**What is needed:**
For this exercise, copy exactly the lines below from the one with "André Dupin dit" through the one with "CEMCA in collaboration" and leave out the pictures.

**Record excerpts:**
# # # #
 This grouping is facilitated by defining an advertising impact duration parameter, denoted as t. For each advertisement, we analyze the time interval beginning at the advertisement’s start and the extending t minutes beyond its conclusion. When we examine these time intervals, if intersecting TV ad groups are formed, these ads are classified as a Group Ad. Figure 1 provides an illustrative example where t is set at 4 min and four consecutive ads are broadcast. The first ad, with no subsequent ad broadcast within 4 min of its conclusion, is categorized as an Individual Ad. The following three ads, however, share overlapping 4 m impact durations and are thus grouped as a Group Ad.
# # # #
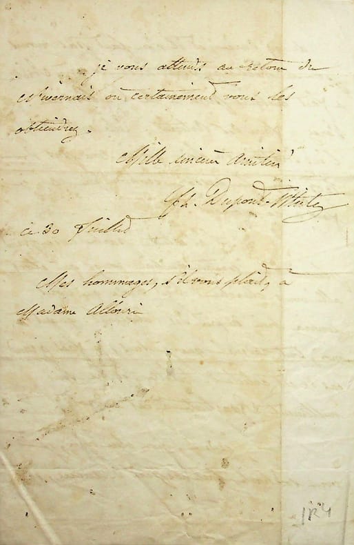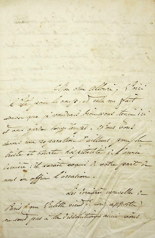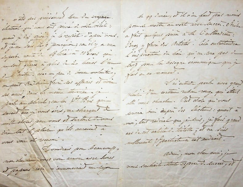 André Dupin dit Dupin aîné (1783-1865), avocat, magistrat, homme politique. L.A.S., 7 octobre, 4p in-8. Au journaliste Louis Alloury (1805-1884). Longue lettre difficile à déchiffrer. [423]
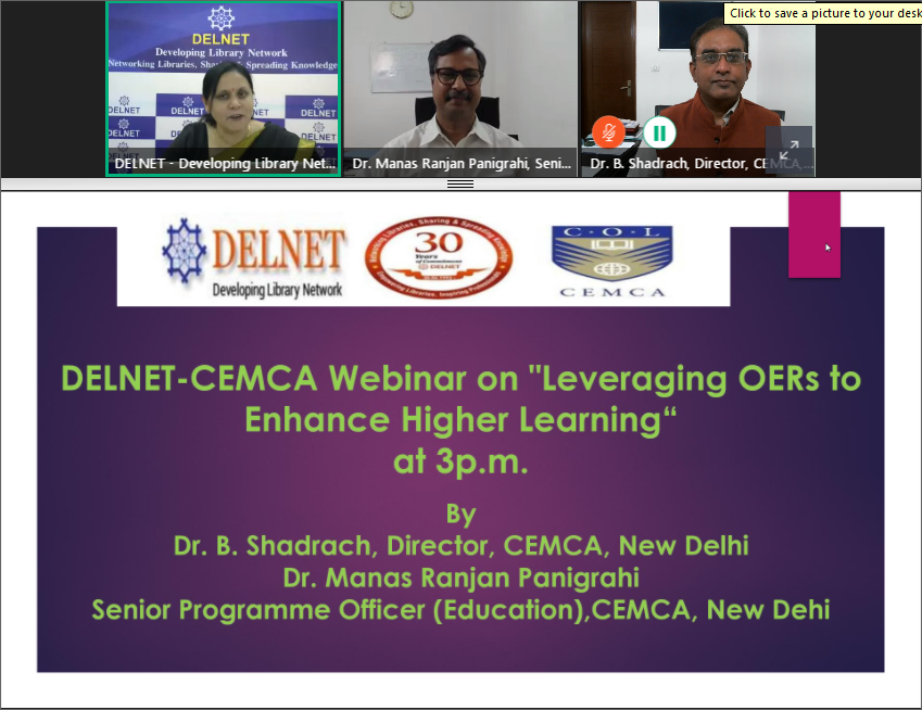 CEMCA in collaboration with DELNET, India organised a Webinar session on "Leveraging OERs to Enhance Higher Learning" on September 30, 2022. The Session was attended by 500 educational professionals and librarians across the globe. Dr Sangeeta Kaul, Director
# # # #
**Answer to this exercise:**
 André Dupin dit Dupin aîné (1783-1865), avocat, magistrat, homme politique. L.A.S., 7 octobre, 4p in-8. Au journaliste Louis Alloury (1805-1884). Longue lettre difficile à déchiffrer. [423]
 CEMCA in collaboration with DELNET, India organised a Webinar session on "Leveraging OERs to Enhance Higher Learning" on September 30, 2022. The Session was attended by 500 educational professionals and librarians across the globe. Dr Sangeeta Kaul, Director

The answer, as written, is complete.